> _Problem requirements_
Write out all of the entries that follow, word for word, but skip the pictures.

> _Input data_
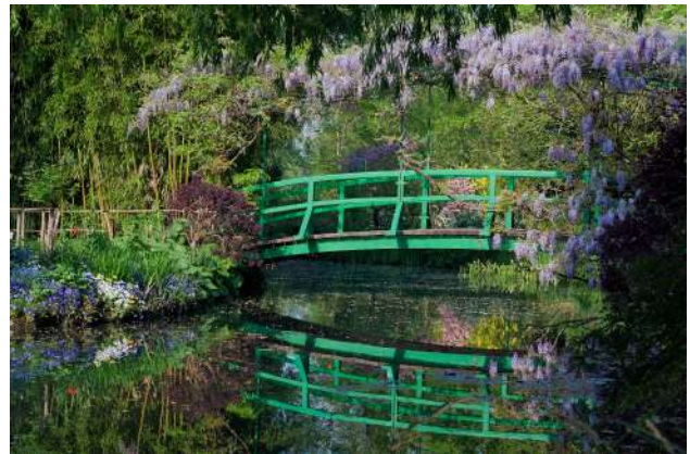
Vue du jardin d'eau Maison et Jardins Claude Monet. Giverny
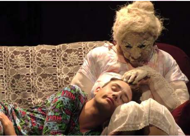
Nonna & Escobar, 2015 Jeune public - 50 minutes Marionnette - mime Coproduction les Enfants Sauvages - FMTM
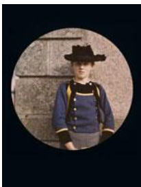
Bretagne - 1909
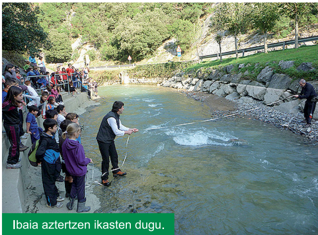
Ibaia aztertzen ikasten dugu.

• LH-ko 3. eta 4. mailakoek habitat desberdinak ezagutu dituzte, hauen egoera aztertu, eta naturak eskaintzen dizkigun ondasun eta zerbitzuak baloratzen ikasi dute; natura irudi polit bat baino gehiago da eta!!
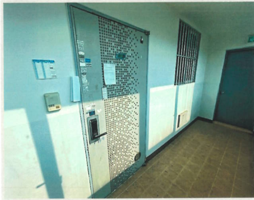
【4. 본건 기호(3) 현관문 전경】
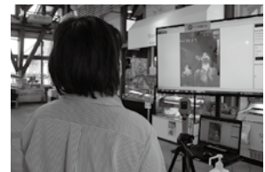
▲サーモグラフィで自動検温

道の駅あいづでは、施設入口での検温・アルコール消毒などを徹底しています。お客さまの安全を最優先に営業していますので、安心してお越しください。
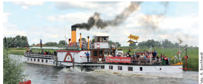
Rundfahrt mit dem Kaiser Wilhelm

Freizeitangebote der Region erhielten Besucher an allen vier Tagen beim gemeinsamen Informationsstand der Biosphaerium Elbtalau, der Stadt Bleckede und dem Verkehrsverein Elbtalau. Die Interessengemeinschaft (IG) Draisine informierte über
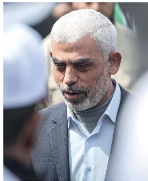
صورة تعود إلى مارس ٢٠٢٢ للشهيد يحيى السنوار وهو يشارك في مسيرة كجزء من يوم الأرض.
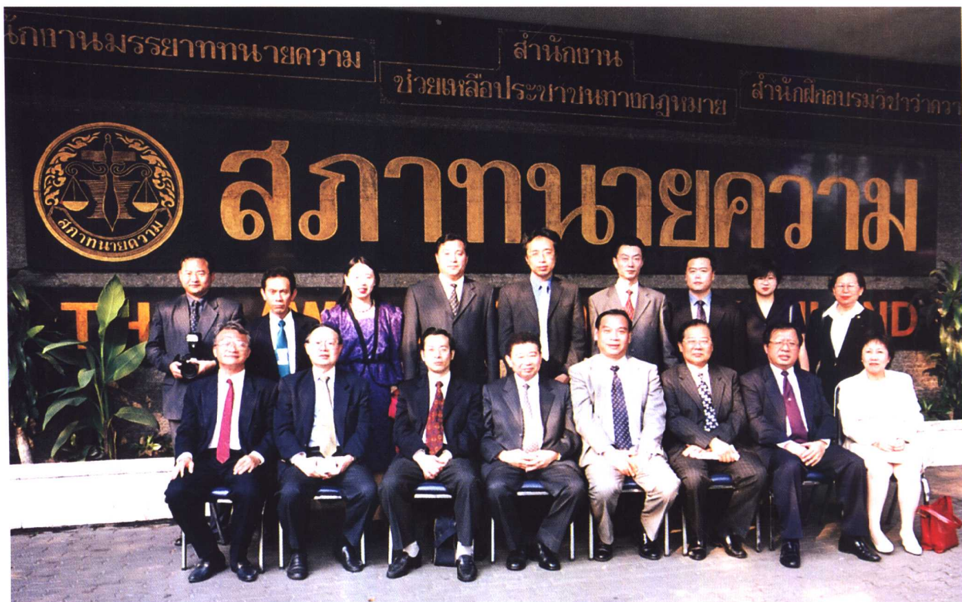
中国律师代表团访问泰国，与泰国律师院长高梧桐(前排左四)合影

> _Result for this task_
Vue du jardin d'eau Maison et Jardins Claude Monet. Giverny
Nonna & Escobar, 2015 Jeune public - 50 minutes Marionnette - mime Coproduction les Enfants Sauvages - FMTM
Bretagne - 1909
Ibaia aztertzen ikasten dugu.

• LH-ko 3. eta 4. mailakoek habitat desberdinak ezagutu dituzte, hauen egoera aztertu, eta naturak eskaintzen dizkigun ondasun eta zerbitzuak baloratzen ikasi dute; natura irudi polit bat baino gehiago da eta!!
【4. 본건 기호(3) 현관문 전경】
▲サーモグラフィで自動検温

道の駅あいづでは、施設入口での検温・アルコール消毒などを徹底しています。お客さまの安全を最優先に営業していますので、安心してお越しください。
Rundfahrt mit dem Kaiser Wilhelm

Freizeitangebote der Region erhielten Besucher an allen vier Tagen beim gemeinsamen Informationsstand der Biosphaerium Elbtalau, der Stadt Bleckede und dem Verkehrsverein Elbtalau. Die Interessengemeinschaft (IG) Draisine informierte über
صورة تعود إلى مارس ٢٠٢٢ للشهيد يحيى السنوار وهو يشارك في مسيرة كجزء من يوم الأرض.
中国律师代表团访问泰国，与泰国律师院长高梧桐(前排左四)合影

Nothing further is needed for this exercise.